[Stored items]
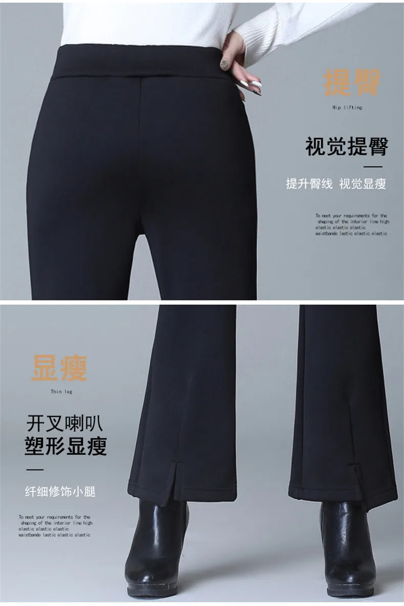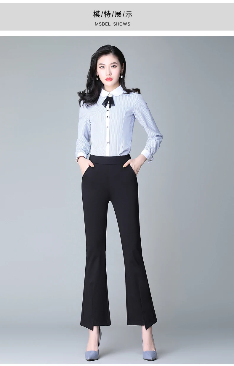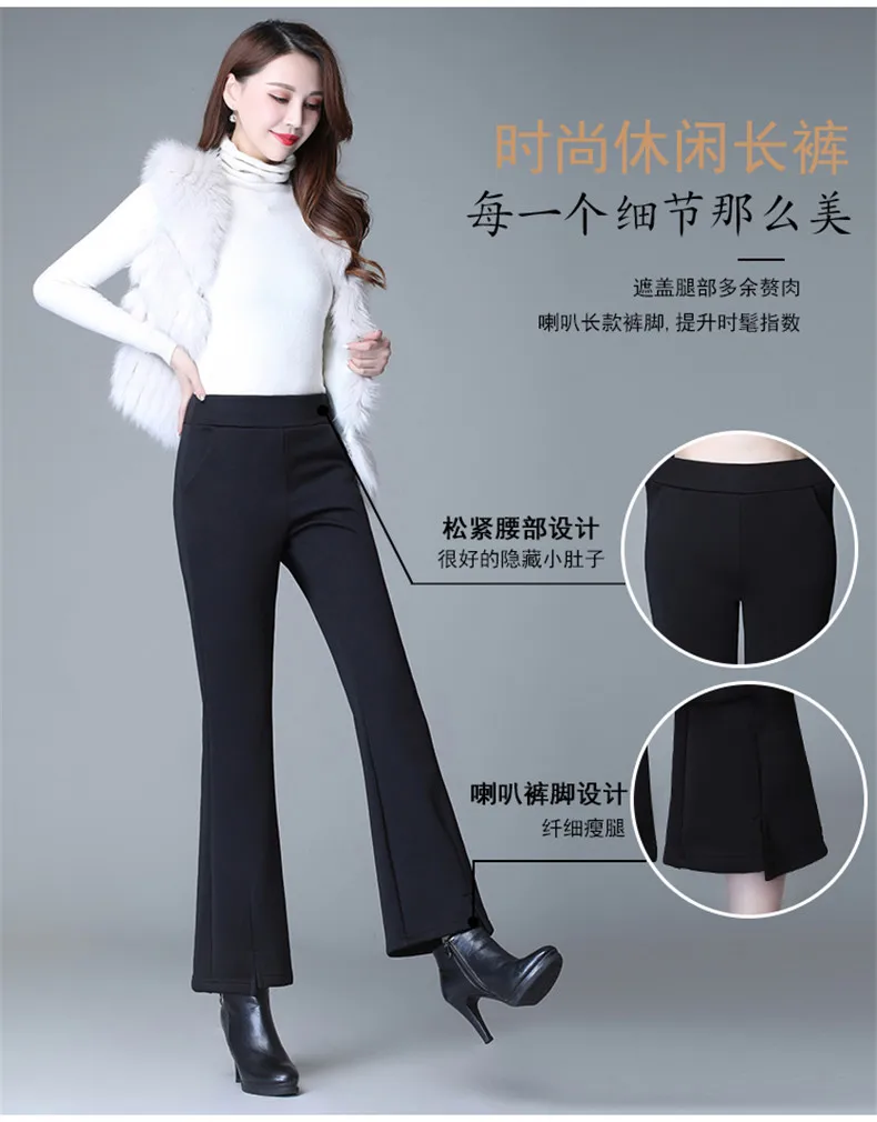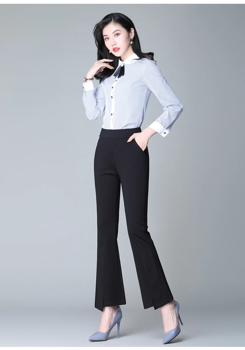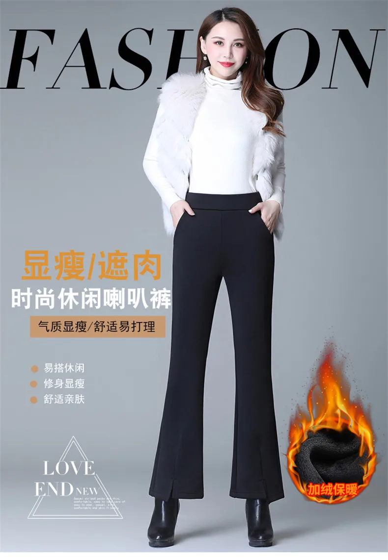 • 022 black slim stretch flared pants for women in spring and autumn, high waist and slim flared pants, thin split flared pants in
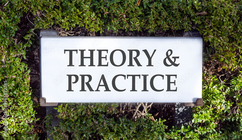 Theory and practice symbol. Concept words Theory and practice on beautiful big white sign plate. Beautiful green garden background. Business theory and practice concept. Copy space. #1965872385
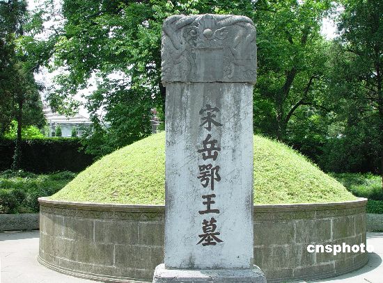 岳飛墓通稱岳墳。在岳王廟中線上。墓道兩側(cè)排列明朝墓廟重建時的石翁仲、石虎、石馬、石羊。岳飛墓前展示的,是歷史的判決,人心的向背,正義的不可戰(zhàn)勝。 岳飛墓墓門下有四個鐵鑄人像,反剪雙手,面墓而跪,即陷害岳飛的秦檜、王氏(檜妻)、張俊等四人。跪像背后墓門上有楹聯(lián)“青山有幸埋忠骨,白鐵無辜鑄佞臣”。墓道兩側(cè)排列明朝墓廟重建時的石翁仲、石虎、石馬、石羊。墓闕門兩向墓的鐵柵內(nèi),有作反翦雙手下跪狀的秦檜、王氏、萬俟覘、張公俊四奸鐵鑄像。正如墓闕門楹聯(lián)所說的,[正邪自古同冰炭;毀淮于今判偽真];[青山有幸埋忠骨;白鐵無辜鑄佞臣]。岳飛墓前展示的,是歷史的判決,人心的向背,正義的不可戰(zhàn)勝。
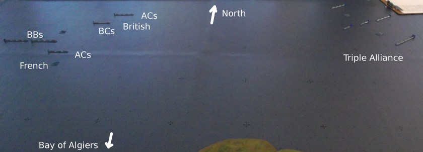 The opposing fleets meet north of the Bay of Algiers
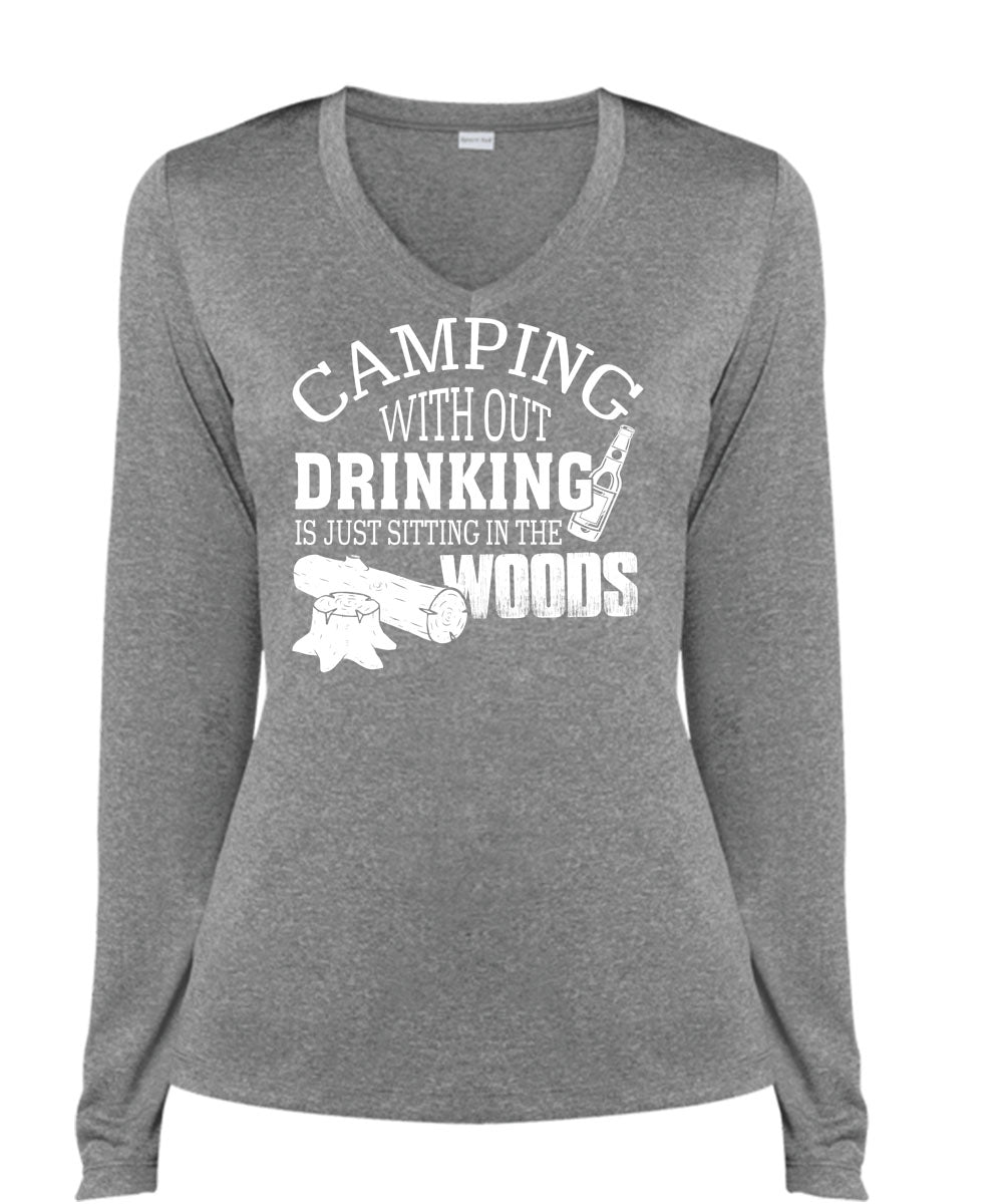 Camping Without Drinking Is Just Sitting In The Woods T Shirt, Travel T Shirt (Ladies LS Heather V-Neck)
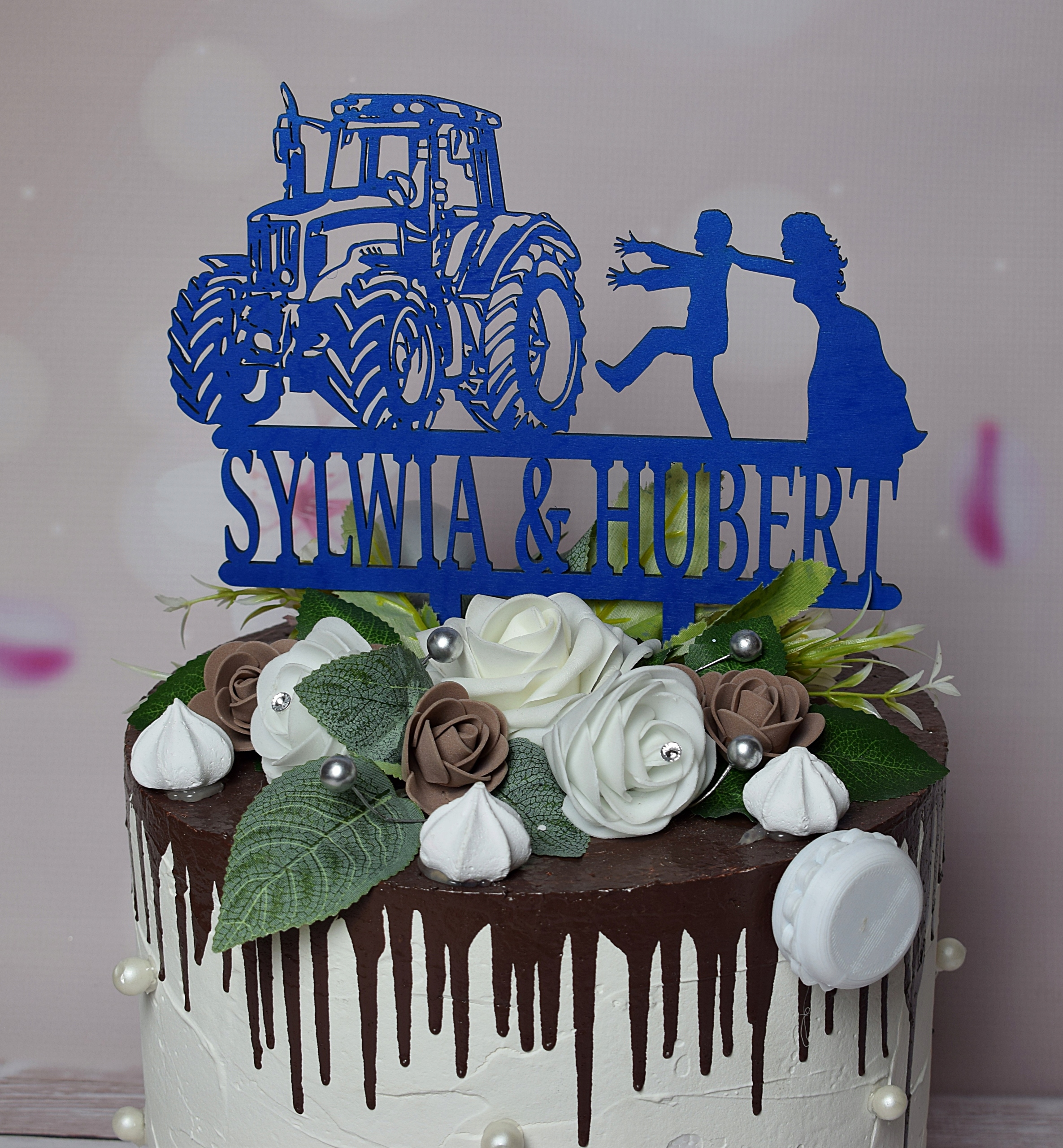Персонализированный топпер для свадебного торта - молодая пара с трактором. p>
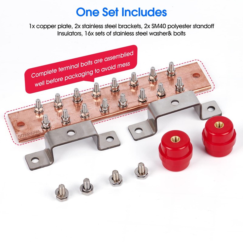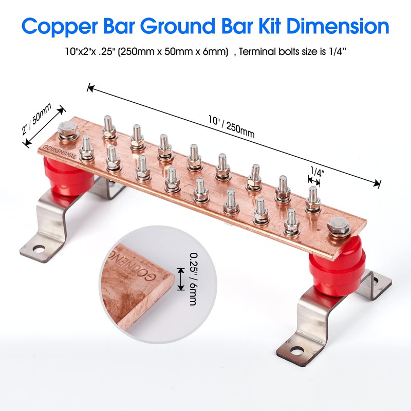 • GOUNENGNAIL branded Copper Ground Bar 1/4"(metric 6mm thick) x 2" (Metric 50mm wide) x 10" (metric 250mm long) with 1/4'' * 16 Terminal Positions. With SM40 polyester insulators made from UL material - QMFZ2.E252110,Rated Uimp up to 7.4kV.
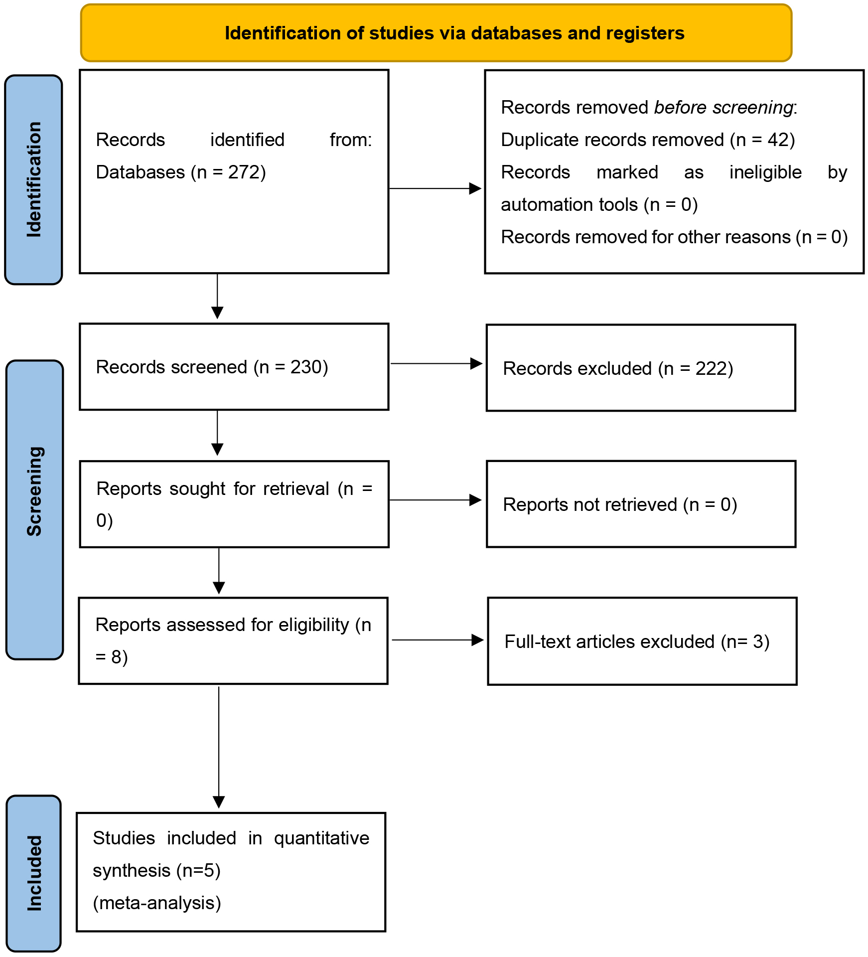We searched four databases and initially obtained 272 records that fit outlined search criteria. After removing duplicates, 230 records were identified (Fig. 1). Based on the titles and abstracts of these 230 articles, 222 records that did not meet our established inclusion criteria were excluded, and the remaining 8 articles underwent full-text review to judge suitability for study inclusion. Three of these eight articles were judged to not meet the inclusion criteria, resulting in five articles selected for inclusion in this meta-analysis [24, 25, 26, 27, 28]. Four of these five studies were case-control studies, also known as retrospective studies, and the other was a retrospective cohort study. A total of 9971 subjects were included in these studies, of which 3214 patients were diagnosed with CVD and the remaining 6757 subjects who received implant restoration had no diagnosis of CVD. These five studies provided prevalence data that could be synthesized by meta-analysis to investigate the relationship between CVD and peri-implantitis.
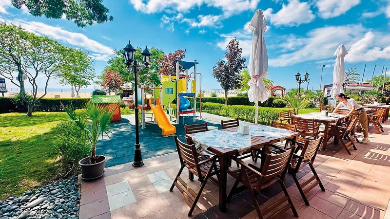 - All Inclusive: Raňajky (bufet), obed (bufet), večera (bufet), nápoje zdarma (nealkoholické nápoje, minerálna voda, káva/čaj, pivo, džúsy, domáce víno, koktaily, 8:30-23:00), občerstvenie (10:00-11:00), občerstvenie (15:00-17:00), káva/čaj a pečivo (15:00-17:00), zmrzlina (15:00-17:00)
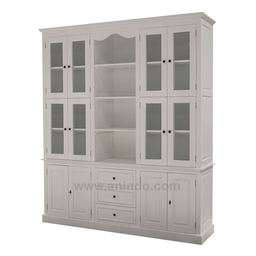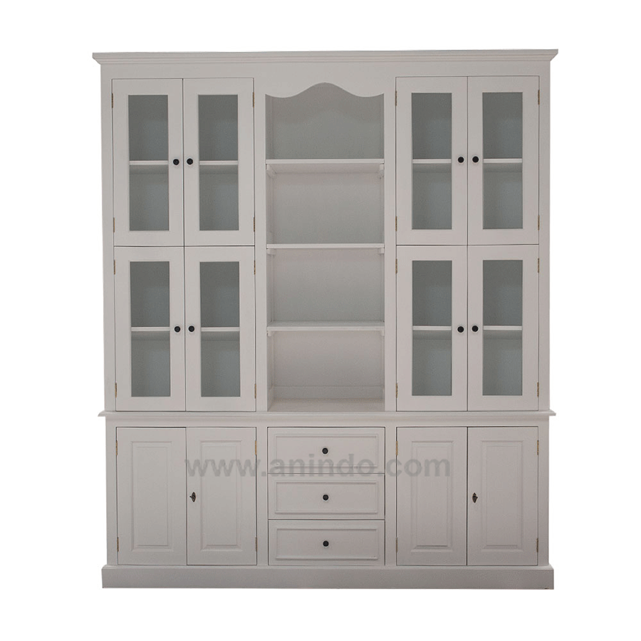 Our 12 doors display cabinet 3 drawers is made of mahogany wood in ivory painted?finish.
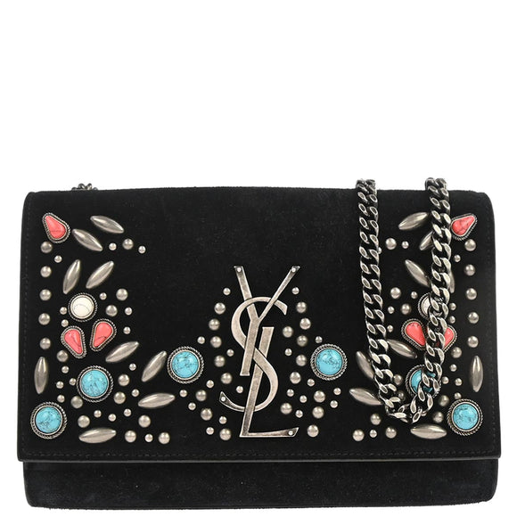 Saint Laurent Black Suede Small Kate Studded Shoulder Bag
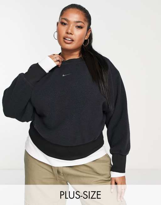 Nike Plus – Svart, kort sweatshirt med rund halsringning i plysch
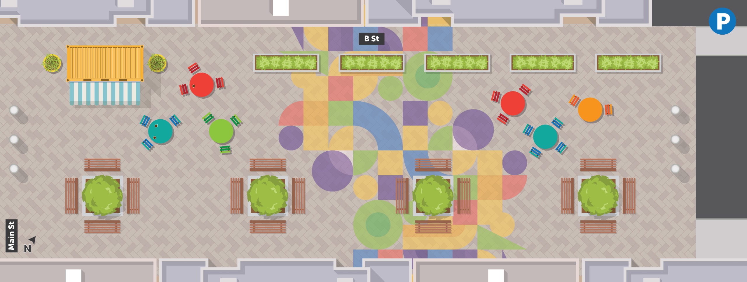 C Street is an important east–west connection in Downtown Hayward, providing access to key destinations including the Hayward Public Library, the BART Station, and Municipal Parking Lot #3.
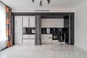 "Невидимая" кухня элегантно скрывающаяся за раздвижными дверцами
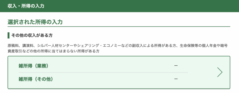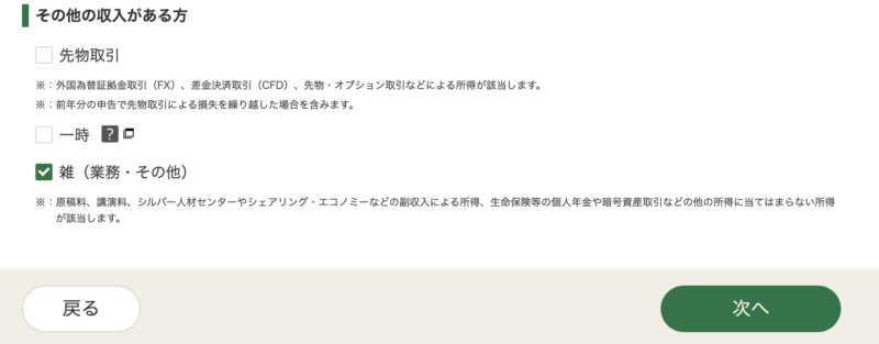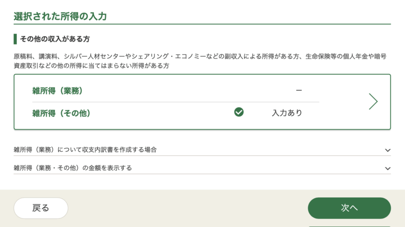 副業収入は雑所得なので『雑』にチェックして次へ。

◆ **EXERCISE REQUIREMENTS**
Only lines from the one holding "Nike Plus –" through the last line of the entries above are wanted, both ends included, each retyped exactly; no pictures.

◆ **ANSWER SECTION**
 Nike Plus – Svart, kort sweatshirt med rund halsringning i plysch
 C Street is an important east–west connection in Downtown Hayward, providing access to key destinations including the Hayward Public Library, the BART Station, and Municipal Parking Lot #3.
 "Невидимая" кухня элегантно скрывающаяся за раздвижными дверцами
 副業収入は雑所得なので『雑』にチェックして次へ。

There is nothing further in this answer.